Records shown:
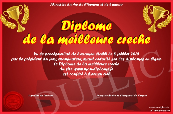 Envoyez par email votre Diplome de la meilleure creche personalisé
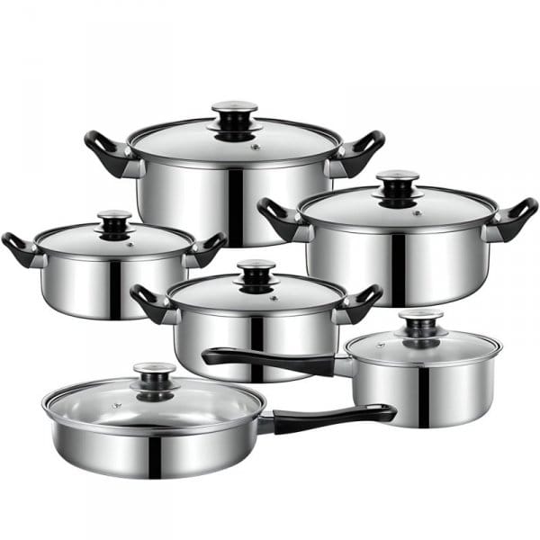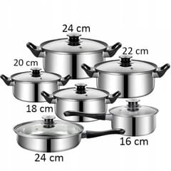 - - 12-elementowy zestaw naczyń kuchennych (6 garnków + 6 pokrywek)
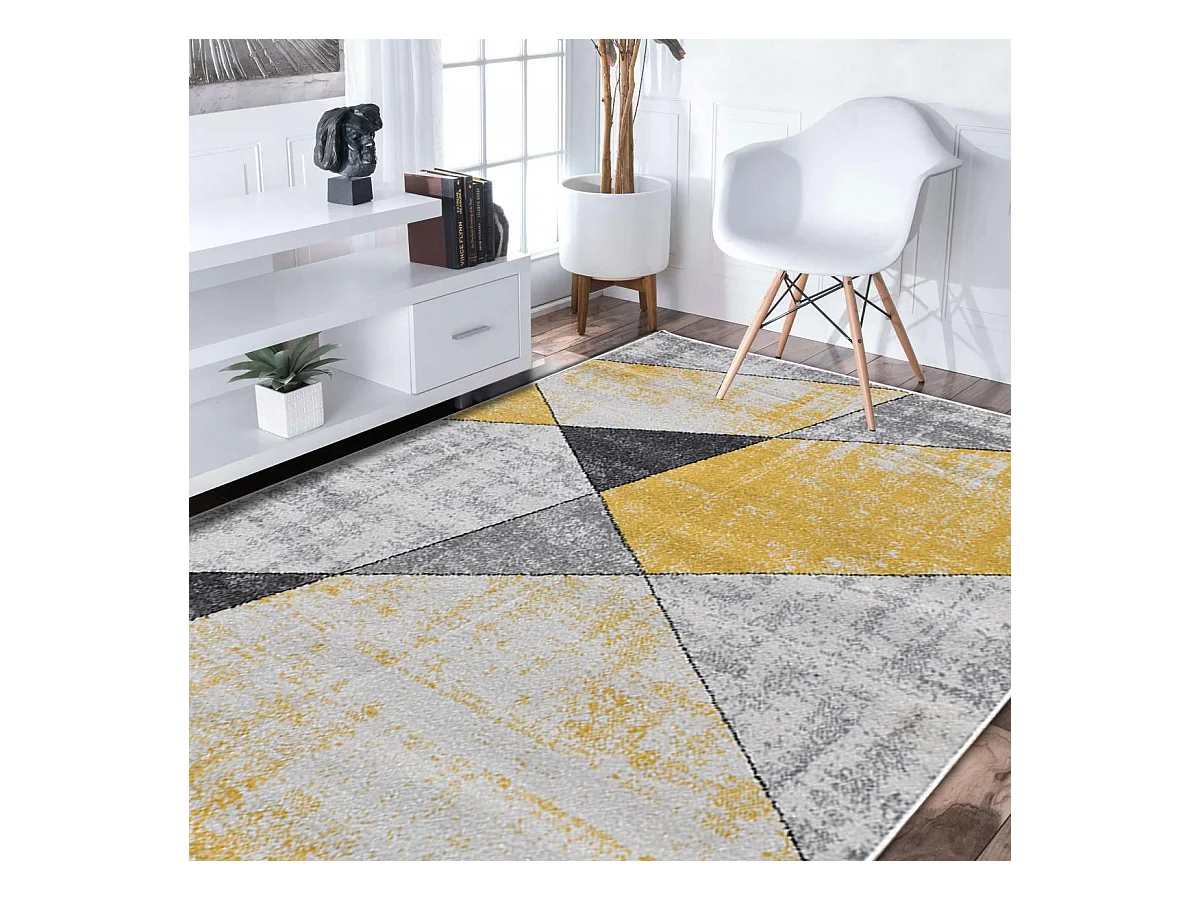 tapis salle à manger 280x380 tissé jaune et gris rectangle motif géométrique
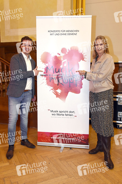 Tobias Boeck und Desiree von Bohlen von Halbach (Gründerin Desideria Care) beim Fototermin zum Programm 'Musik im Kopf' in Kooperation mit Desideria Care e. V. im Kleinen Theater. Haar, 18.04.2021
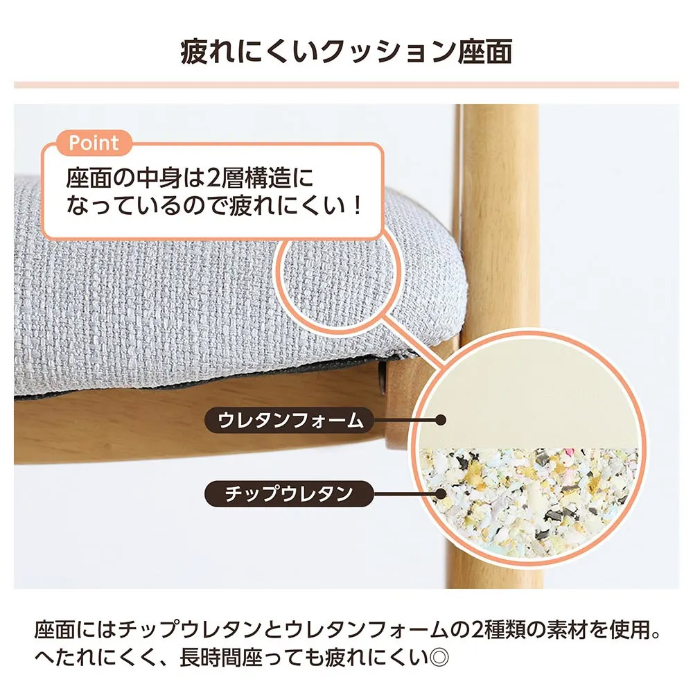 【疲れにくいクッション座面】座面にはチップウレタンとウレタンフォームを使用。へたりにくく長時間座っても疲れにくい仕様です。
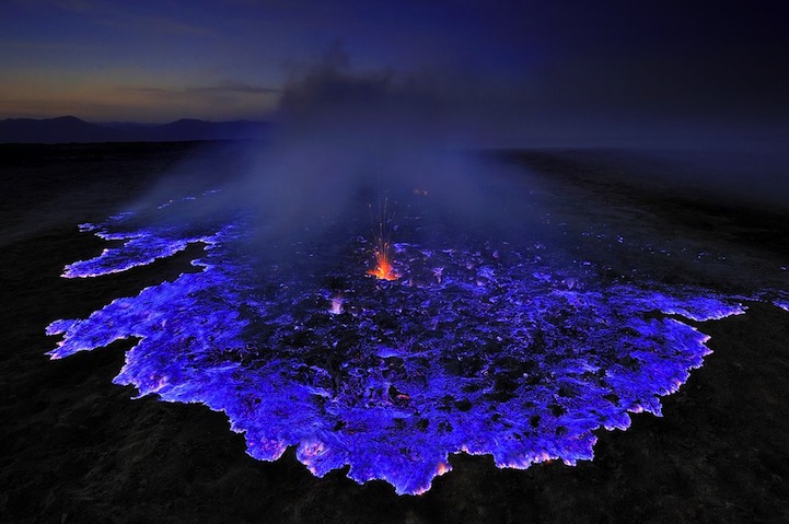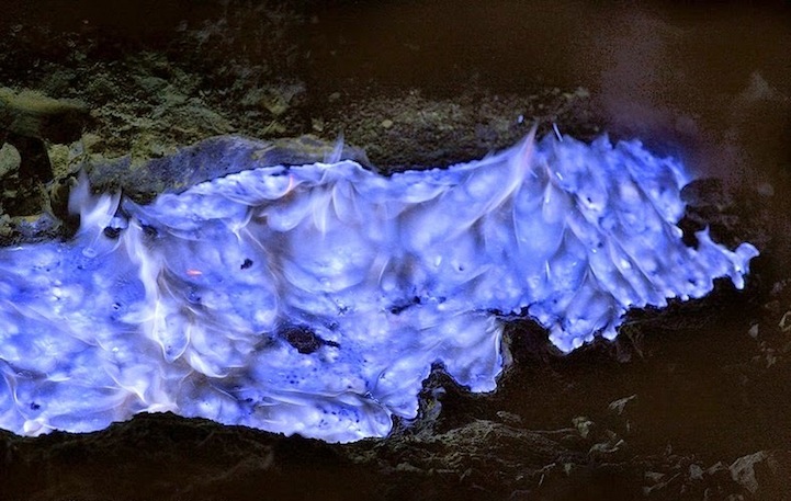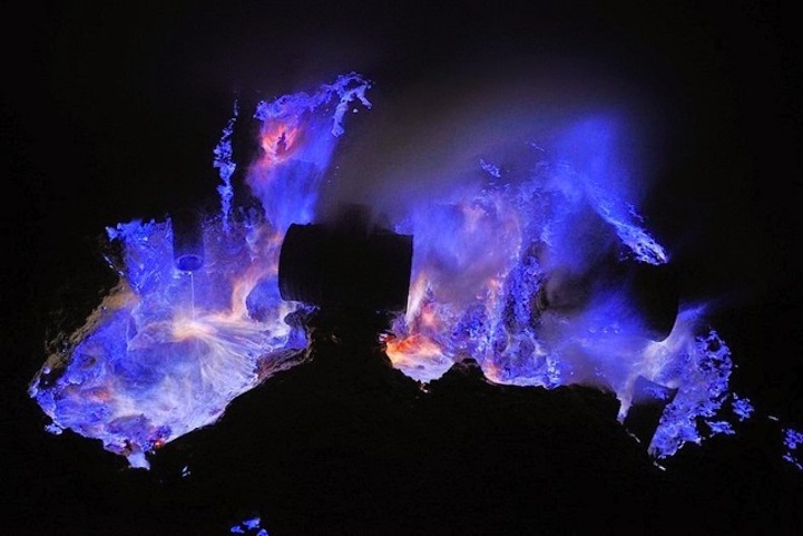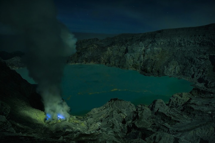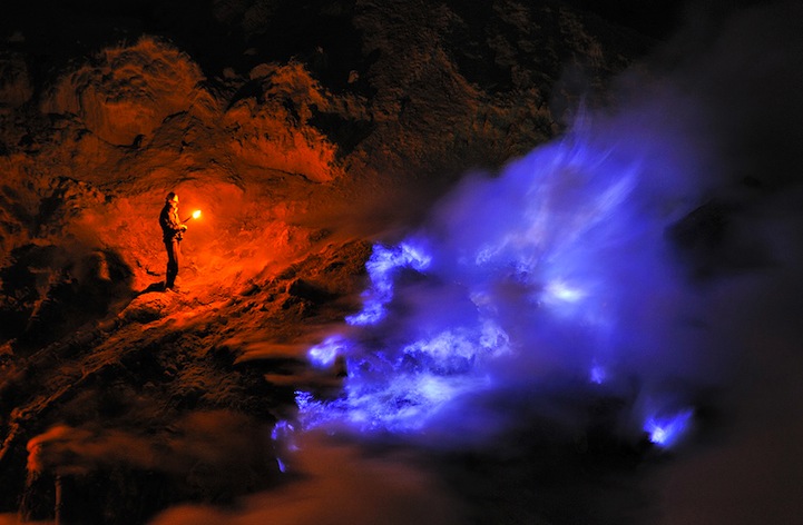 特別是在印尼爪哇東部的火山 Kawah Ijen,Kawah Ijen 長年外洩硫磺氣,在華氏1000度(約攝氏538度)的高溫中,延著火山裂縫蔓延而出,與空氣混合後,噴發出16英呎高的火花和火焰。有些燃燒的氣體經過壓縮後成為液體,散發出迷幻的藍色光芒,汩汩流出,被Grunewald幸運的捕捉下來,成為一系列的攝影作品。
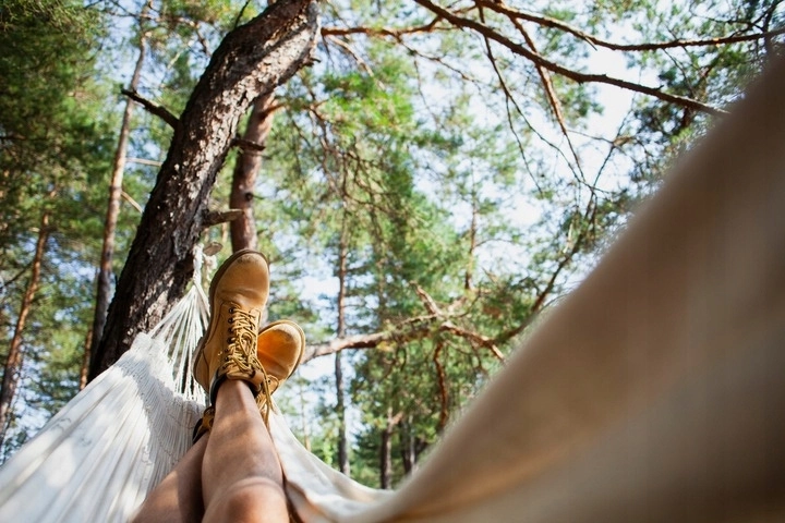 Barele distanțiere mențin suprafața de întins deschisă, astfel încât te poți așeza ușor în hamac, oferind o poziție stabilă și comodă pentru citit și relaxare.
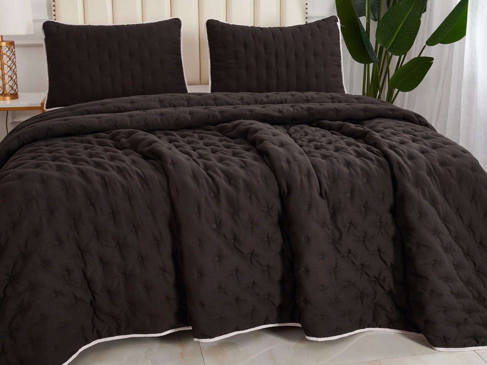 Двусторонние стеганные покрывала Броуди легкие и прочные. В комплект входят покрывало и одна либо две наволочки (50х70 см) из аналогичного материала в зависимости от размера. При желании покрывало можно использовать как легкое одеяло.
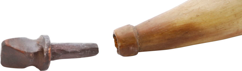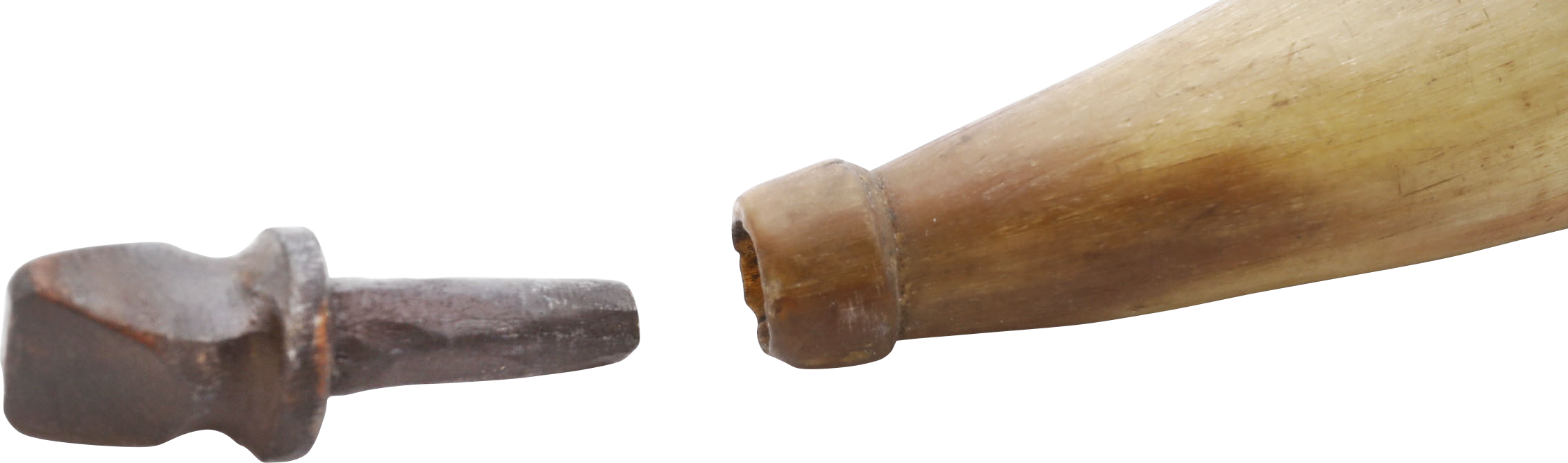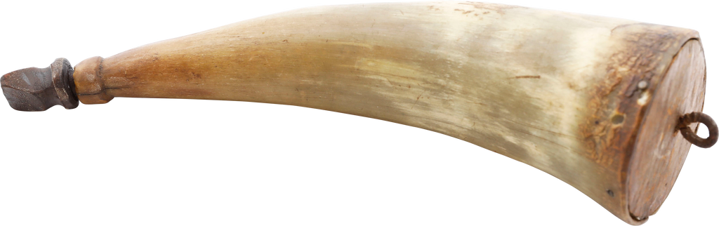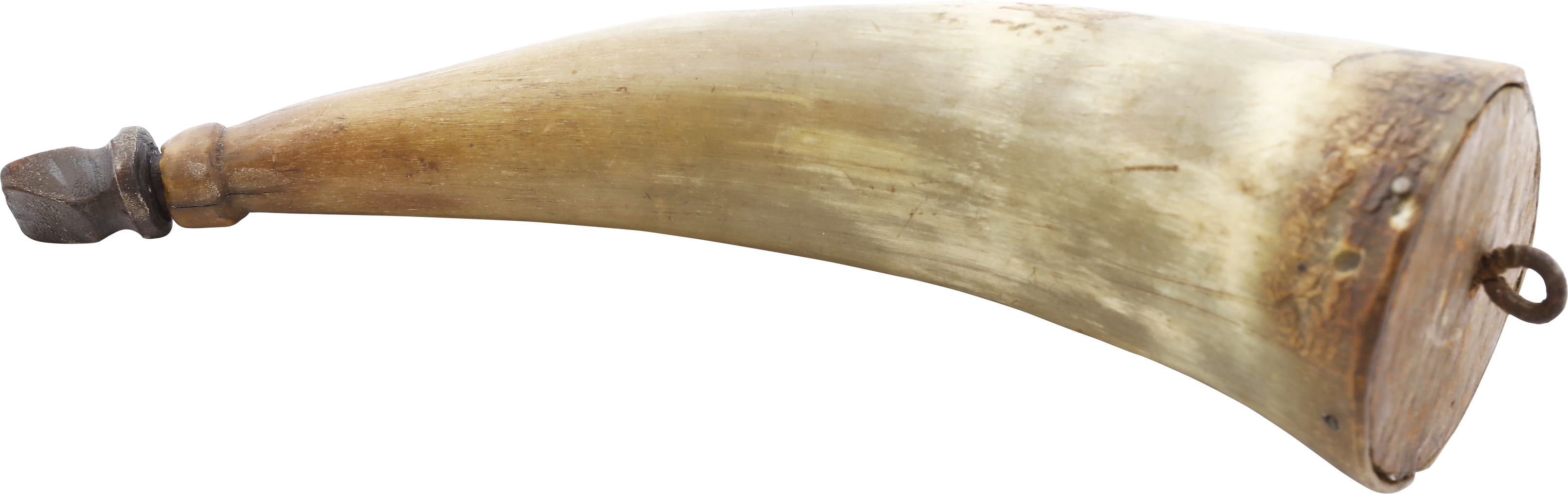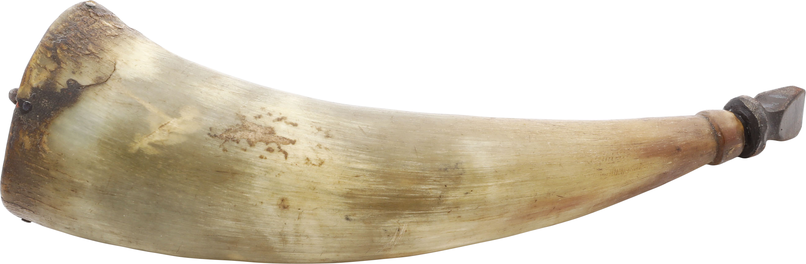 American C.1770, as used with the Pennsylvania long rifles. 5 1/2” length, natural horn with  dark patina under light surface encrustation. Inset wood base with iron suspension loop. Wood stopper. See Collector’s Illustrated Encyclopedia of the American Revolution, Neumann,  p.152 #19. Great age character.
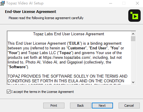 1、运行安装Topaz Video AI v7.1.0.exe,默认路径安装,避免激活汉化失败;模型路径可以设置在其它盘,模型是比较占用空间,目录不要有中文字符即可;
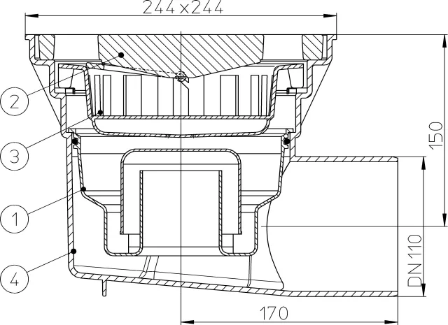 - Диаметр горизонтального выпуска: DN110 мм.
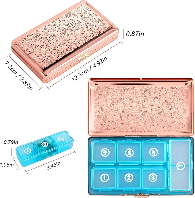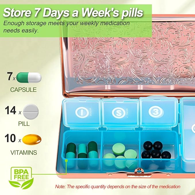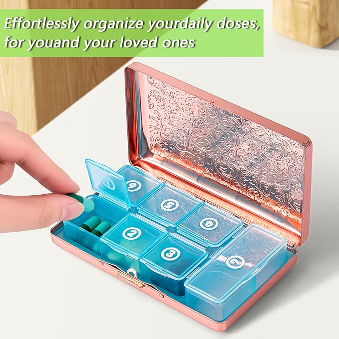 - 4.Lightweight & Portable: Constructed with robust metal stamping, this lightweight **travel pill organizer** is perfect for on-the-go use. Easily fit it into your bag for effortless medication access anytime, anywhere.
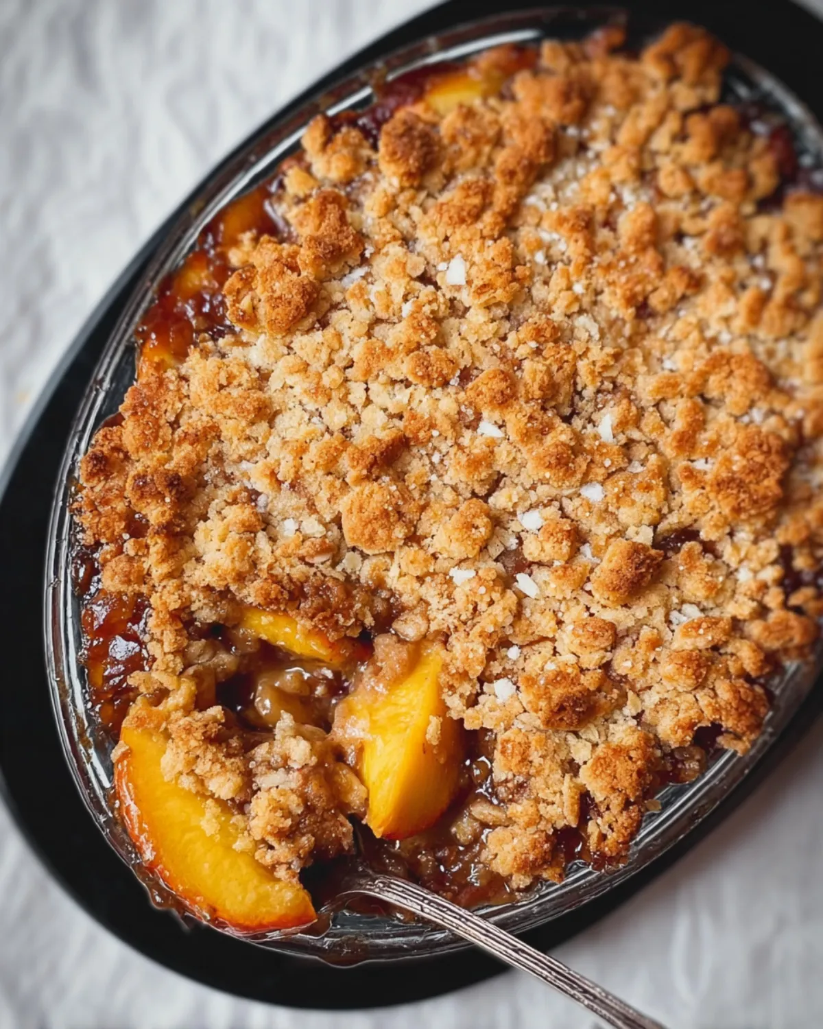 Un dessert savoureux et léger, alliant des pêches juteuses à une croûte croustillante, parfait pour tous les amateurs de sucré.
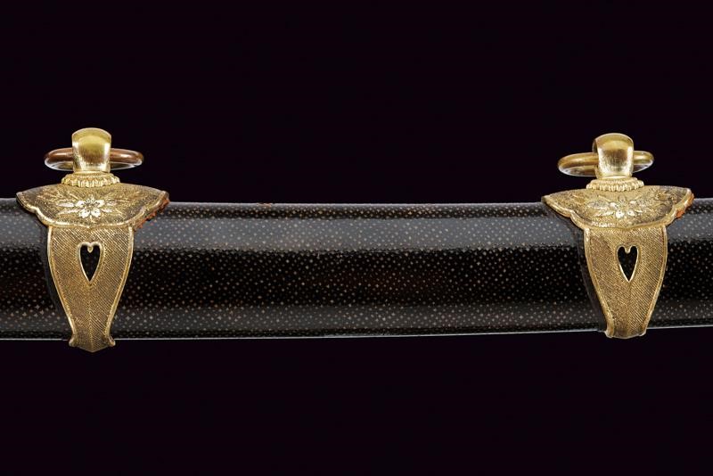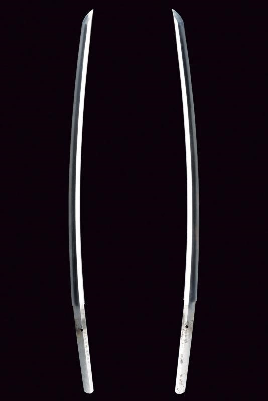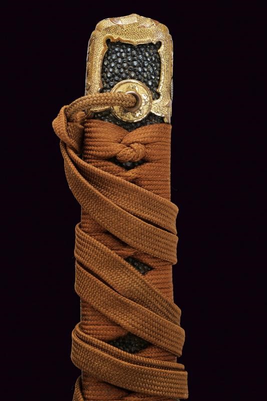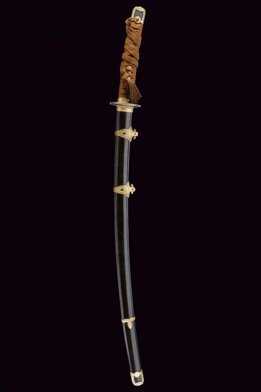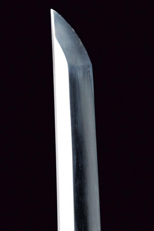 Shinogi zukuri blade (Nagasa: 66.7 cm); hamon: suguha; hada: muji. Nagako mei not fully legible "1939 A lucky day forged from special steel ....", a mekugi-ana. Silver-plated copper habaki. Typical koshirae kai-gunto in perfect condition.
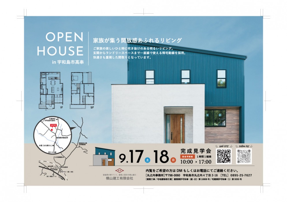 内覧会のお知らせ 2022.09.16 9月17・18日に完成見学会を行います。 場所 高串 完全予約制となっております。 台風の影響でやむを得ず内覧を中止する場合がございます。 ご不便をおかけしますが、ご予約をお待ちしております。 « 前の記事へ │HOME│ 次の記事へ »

Try it:
Through the line containing "特別是在印尼爪哇東部的火山 Kawah Ijen,Kawah" and no further, restate the data above word for word from its first line, leaving out pictures.

Exercise output:
 Envoyez par email votre Diplome de la meilleure creche personalisé
 - - 12-elementowy zestaw naczyń kuchennych (6 garnków + 6 pokrywek)
 tapis salle à manger 280x380 tissé jaune et gris rectangle motif géométrique
 Tobias Boeck und Desiree von Bohlen von Halbach (Gründerin Desideria Care) beim Fototermin zum Programm 'Musik im Kopf' in Kooperation mit Desideria Care e. V. im Kleinen Theater. Haar, 18.04.2021
 【疲れにくいクッション座面】座面にはチップウレタンとウレタンフォームを使用。へたりにくく長時間座っても疲れにくい仕様です。
 特別是在印尼爪哇東部的火山 Kawah Ijen,Kawah Ijen 長年外洩硫磺氣,在華氏1000度(約攝氏538度)的高溫中,延著火山裂縫蔓延而出,與空氣混合後,噴發出16英呎高的火花和火焰。有些燃燒的氣體經過壓縮後成為液體,散發出迷幻的藍色光芒,汩汩流出,被Grunewald幸運的捕捉下來,成為一系列的攝影作品。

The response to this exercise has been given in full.